Erasing during inference. Our model only leverages cross-modal erasing in the training phase and does not erase during inference. We try to erase key words or key regions during inference as well, and ensemble the matching scores of original samples and erased samples as the final score. But experiments suggest that it does not help the final performance. This is possibly because during training, the model have already learned to balance the weights of various features, and do not need to mask the dominant features to discover other alignments during inference.

Comparison with stacked attention. Leveraging multiple steps of attention also enables the model to attend to different features. However, those models do not pose direct constraints on learning complementary attention for different attention steps. We conduct experiments on stacked attention [36] to compare with our erasing approach. Experiments indicate that erasing performs better than stacked attention on this task, because by erasing we enforce stricter constraints of learning complementary alignments.
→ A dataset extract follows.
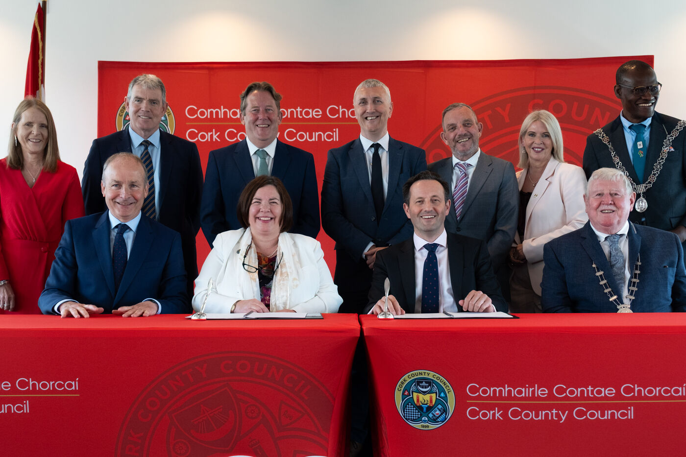 Taoiseach Micheál Martin, Transport Minister Darragh O’Brien, and Minister Jerry Buttimer attended the signing, highlighting government support for regional infrastructure.

5 Conclusion and Future Work

We address the problem of comprehending and aligning various types of information for referring expression grounding. To prevent the model from over-concentrating on the most significant cues and drive the model to discover complementary textual-visual alignments, we design a cross-modal attention-guided erasing approach to generate hard training samples by discarding the most important information. The models achieve state-of-the-art performance on three referring expression grounding datasets, demonstrating the effectiveness of our approach.


This work is supported in part by SenseTime Group Limited, in part by the General Research Fund through the Research Grants Council of Hong Kong under Grants CUHK14202217, CUHK14203118, CUHK14205615, CUHK14207814, CUHK14213616, CUHK14208417, CUHK14239816, and in part by CUHK Direct Grant.